All eukaryotic transposases studied thus far contain two major functional domains. The N-terminal region is responsible for DNA binding to the TIRs of their cognate transposons, whereas the C-terminal region contains the catalytic domain responsible for cleavage and joining reaction of the so-called cut-and-paste transposition reaction (10). Therefore, the MAR region might have been recruited for its DNA-binding capabilities rather than for its catalytic activities. In support of this hypothesis, the third D amino acid constituting the DD34D catalytic triad of mariner transposases (10) is mutated to N in all MAR primate sequences examined, whereas the triad is conserved in the consensus Hsmar1 sequence (Fig. 3a; see also Fig. 7, which is published as supporting information on the PNAS web site). Alteration of this amino acid in the Drosophila mos1 mariner transposase abolishes its catalytic activity (27). Furthermore, we were unable to detect transposition of an artificial Hsmar1 transposon upon forced expression of the MAR transposase by using an in vivo assay in Escherichia coli (28), whereas the same assay showed high frequency of transposition of the active Himar1 element upon expression of its cognate transposase (data not shown).

Fig. 3.

Fig. 3.

In vitro DNA-binding activity and specificity of the MAR domain of SETMAR. (a) Schematic representation of the SETMAR protein and its predicted features: pre-SET (p-S), helix–turn–helix motif (HTH), and DDN triad (positions of the original catalytic amino acid triad of the MAR region). The protein multiple alignment on the right shows that the triad is DD34N (∗) in all of the SETMAR protein sequences examined (naming convention as in Fig. 2) instead of the typical DD34D motif of the Hsmar1 and Hsmar2 consensus transposase sequences (14, 22) and all known active mariner transposases, such as mos1 from Drosophila melanogaster (Mos1-Dm). Dots indicate identity with top sequence, and numbers indicate the number of amino acids between the sequence portions shown. (b) In vitro DNA-binding activity and specificity of purified MAR protein domain. EMSA of various TIR double-stranded oligonucleotides mixed with a purified recombinant peptide corresponding to MBP domain alone (top lane) or to the entire MAR region fused to a N-terminal MBP domain (all other lanes). The TIR oligonucleotides were designed by using the consensus Hsmar1 or Hsmar2 sequences (14, 22) and their characteristic flanking TA target site duplication. Base substitutions relative to the Hsmar1 TIR are in bold and underlined. The EMSA autoradiography shows shifted DNA (bound) on the right side of the gel, whereas input DNA (unbound) is on the left side. MARx7/8 corresponds to a mixture of two oligonucleotides, none of which are bound by the purified protein. (c) Mapping of the MAR region involved in DNA binding. EMSA of either the Hsmar1 or Hsmar2 TIR oligonucleotides with four recombinant purified peptides corresponding to the entire MAR peptide (lane 1), the first 126 (lane 2) or 92 (lane 3) aa of the MAR peptide fused to a N-terminal MBP tag, or the MBP alone (lane 4). Two shifted bands can be seen when the Hsmar1 TIR oligonucleotide is mixed with either peptide 1 or peptide 2. Based on previous in vitro studies of mariner DNA-binding activities (2326), we interpret complex (Cplx) 3 as a single oligonucleotide with a protein dimer, whereas the upper bands may correspond to tetramers of protein bound to single (Cplx 2) or paired (Cplx 1) oligonucleotides.

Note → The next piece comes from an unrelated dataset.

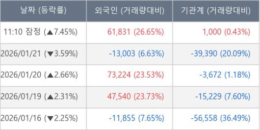 ※ 사모펀드 등 일부 기관의 순매매량은 표시되지 않음

By contrast with the C-terminal region, the N-terminal half of MAR is highly conserved in all anthropoid lineages (Fig. 7), suggesting that the MAR protein may have retained its ancestral DNA-binding activity. Because all mariner-like transposases studied so far specifically bind to the TIRs of their cognate transposons (24, 25, 27, 30), we tested the ability of the MAR domain to recognize DNA sequence motifs identical or very similar to the TIR of Hsmar1 elements. The entire human MAR peptide (343 aa) was expressed in E. coli, purified as a fusion protein with a N-terminal maltose-binding protein (MBP)-MAR domain and incubated with radiolabeled double-stranded DNA oligonucleotides corresponding to the consensus Hsmar1 TIR (14). EMSA resulted in a strong DNA shift when MBP-MAR was mixed to the Hsmar1 TIR (Fig. 3b, second lane), but no shift when only MBP was incubated (Fig. 3b, first lane). These results demonstrate that the MAR peptide interacts in vitro with the consensus TIR sequence of Hsmar1 transposons. Additional EMSA with a series of mutant Hsmar1 TIR oligonucleotides and the Hsmar2 TIR (22) refined the location of the MAR-binding site (MBS) to a 19-bp motif within the consensus Hsmar1 TIR sequence (Fig. 3b). The binding appears highly specific because replacing virtually any consecutive dinucleotides within this motif (except for TIR variant MARx10) drastically reduces the amount of shifted DNA (Fig. 3b and data not shown). The location of the MAR-binding site within the Hsmar1 TIR is consistent with those of other mariner transposase-binding sites (26, 31).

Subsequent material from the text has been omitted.